A few years ago, China launched its Greater Bay Area vision, linking nine contiguous cities plus Hong Kong and Macau. Over time, Hong Kong will become the financial services centre and the point of interchange with international business for the Greater Bay Area.
Thorny issues of harmonising laws and regulations must be worked out before capital and labour can freely move across the border. Nonetheless, the Greater Bay Area will expand the horizons of Hong Kong as a financial centre.
Hong Kong’s attractiveness to Western and Chinese businesses has relied considerably on its Western legal system and the independence of its courts. Will this not be compromised by the security law’s limitations on freedom of speech and authorisation for mainland courts to try Hong Kong national security cases?
No one can dismiss that concern, but it is likely that the threat to Hong Kong’s British-based rule of law is exaggerated. In any jurisdiction, national security and human rights form only a tiny portion of the totality of the rule of law.
Most court cases relate to ordinary civil and criminal matters – enforcement of commercial contracts, environmental codes, property rights, corporate governance codes, etc – that underlie efficient conduct of business. For the financial services institutions of Hong Kong, the transparent application of these aspects of rule of law by impartial courts is essential to their continued presence in Hong Kong. Freedom of expression in political matters is not essential for multinational financial institutions.
Singapore is a thriving Asian financial and commercial centre in which dependable rule of law coexists with a relatively authoritarian political system.
China knows that Hong Kong’s value lies in its different system, especially its legal system. After dealing with threats to order and security involving national sovereignty, China has good reason to ensure that Hong Kong’s separate legal system remains intact.
It would be embarrassing for China if Hong Kong were to fail due to an exodus of foreign and local businesses. China will go to great lengths to prevent that from happening.
Three developments could threaten Hong Kong. First, US sanctions on companies doing business in Hong Kong could force Western companies to exit. Such sanctions would amount to killing the patient to save the patient, but for the present US administration, Hong Kong is a pawn in America’s conflict with China.

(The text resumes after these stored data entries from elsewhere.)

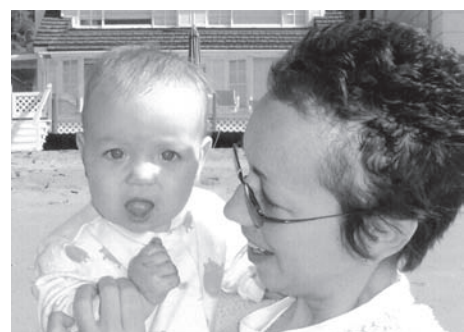
nine months after surgery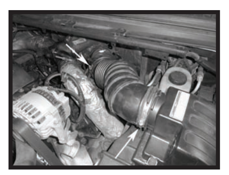
Step 3 Loosen the clamps on the factory intake tube and remove the intake tube from the vehicle.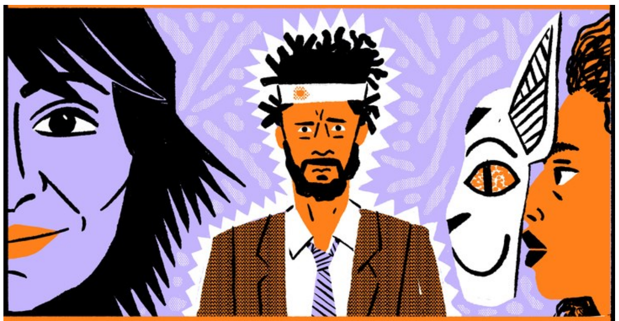
Illustration by Cari Vander Yacht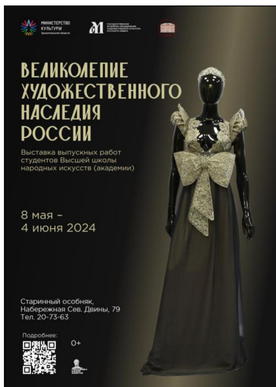
Fig. 1. Poster of the exhibition "The splendor of Russia's artistic heritage"

The old mansion on the Embankment of the Northern Dvina in Arkhangelsk is an architectural monument that was built in 1786. There is an exhibition hall with enfilades on the ground floor of the house which are beautiful in architectural design. Arched openings divide the exhibition space into three parts. Thanks to this layout the works presented by the Higher school of folk arts were successfully exhibited and divided into areas of traditional applied art.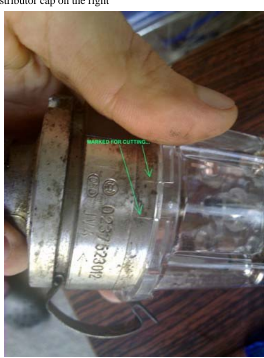
marking the section of the distributor body that need to be machined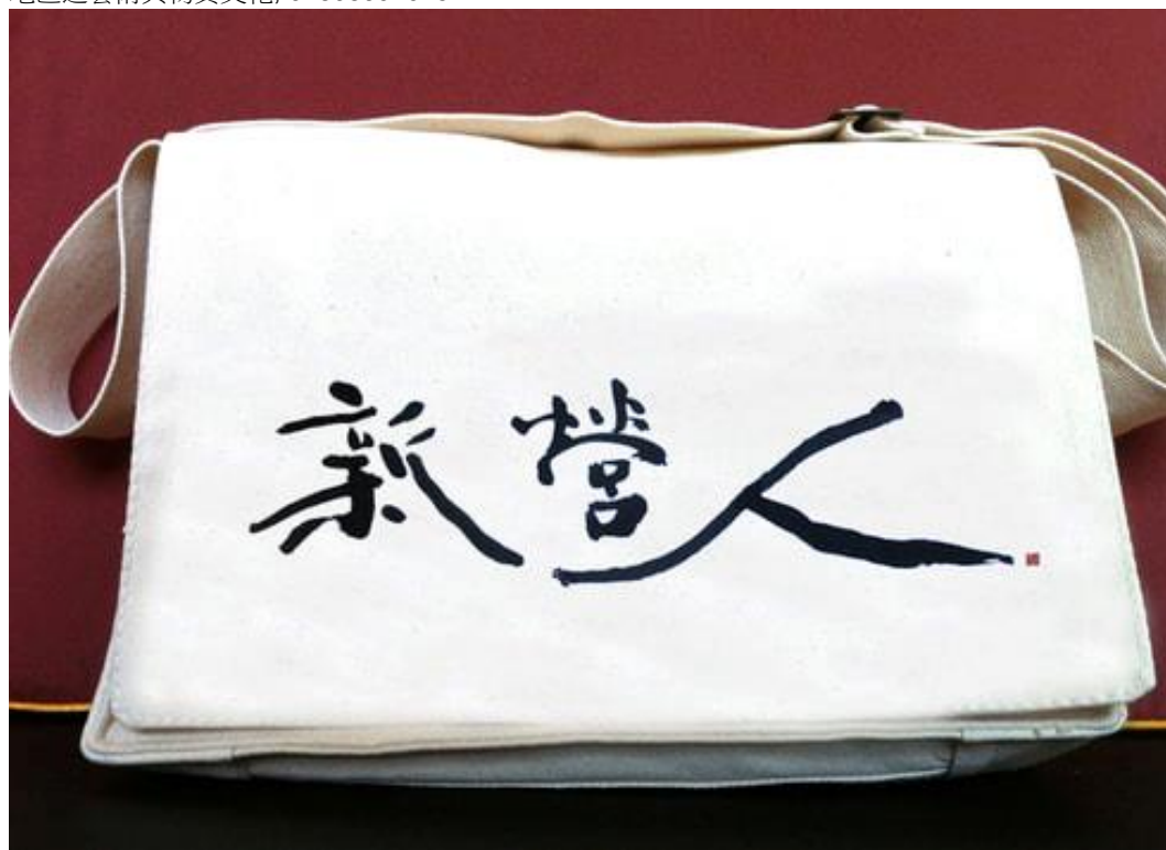
Fig. 10: Chen Shih-hsien, calligraphy of Xinying ren , printed on a schoolbag.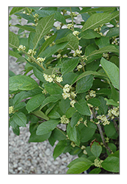
Southern Gentleman Winterberry in bloom

830 W Liberty Dr. Liberty, MO 64068 816.781.0001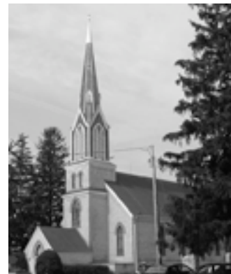
Western Koshkonong Lutheran Church (ELS)

Controversies in the 1880s caused division in the congregations, resulting in East Koshkonong Lutheran Church (ELCA), and Western Koshkonong Lutheran Church (ELS).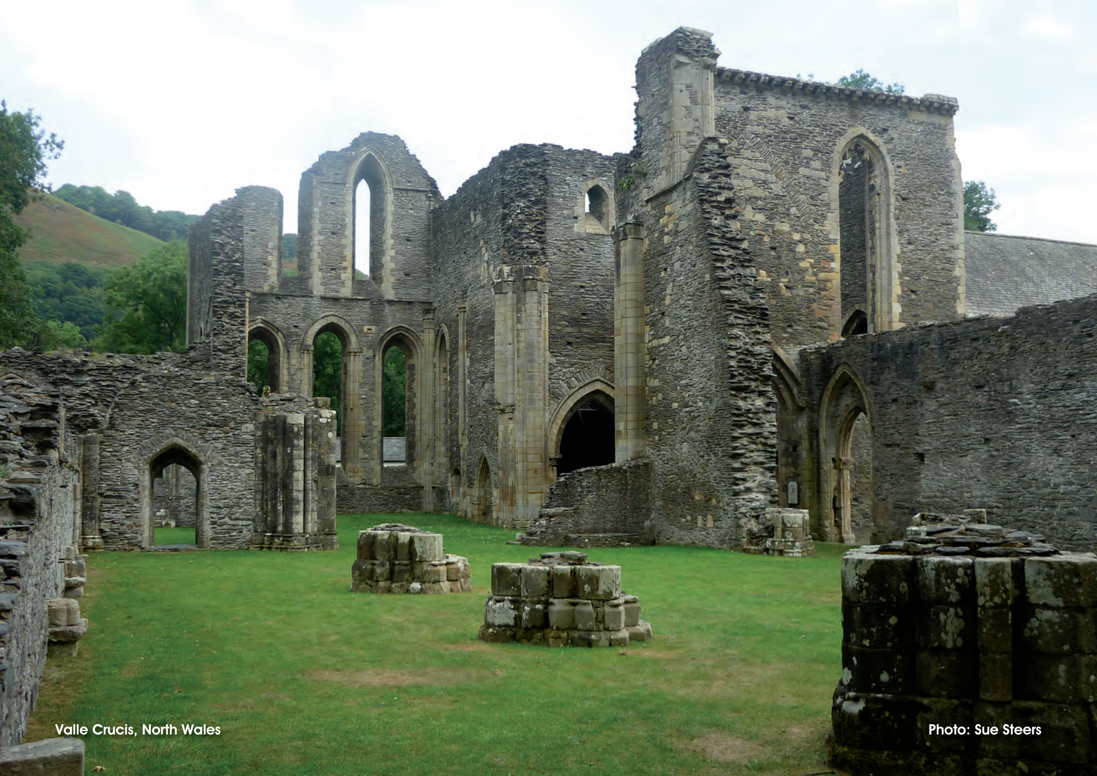
Valle Crucis, North Wales

The US is precipitating a rupture in US-China relations; to what end is not clear. If the welfare of Hong Kong is sacrificed in the struggle between the two giants, that is unlikely to faze the Donald Trump government.
Second, ill-considered encroachments by Beijing on the commercial and civil law systems of Hong Kong, or attempts to impose the same cyber firewall on Hong Kong that prevails on the mainland, would induce at least a partial foreign corporate exodus.
Third, continued fomentation of unrest in Hong Kong by overseas-based protesters, resumption of local protests, or intransigent unwillingness of the Hong Kong opposition to find reasonable compromise solutions, would be intolerable to Beijing.
If none of these contingencies comes to pass, then with the passage of time, some Hong Kong people will have emigrated abroad; those remaining will adapt and get on with their lives.
Critics have a point. Change has now come to Hong Kong; it will never be the same again. Unquestionably, something of value has been lost – some degree of freedom of political expression.
But much is likely to remain the same, and much may improve due to restoration of order and increased government attention to issues of social equality, affordable housing and expanded economic opportunity for Hong Kong people.
Hong Kong people are practical and resilient. Hong Kong as a dynamic global city has a future under “one country, two systems”, even with the national security law.
James Stent, the author of China’s Banking Transformation, has pursued a career in financial services in many parts of Asia including Hong Kong and mainland China.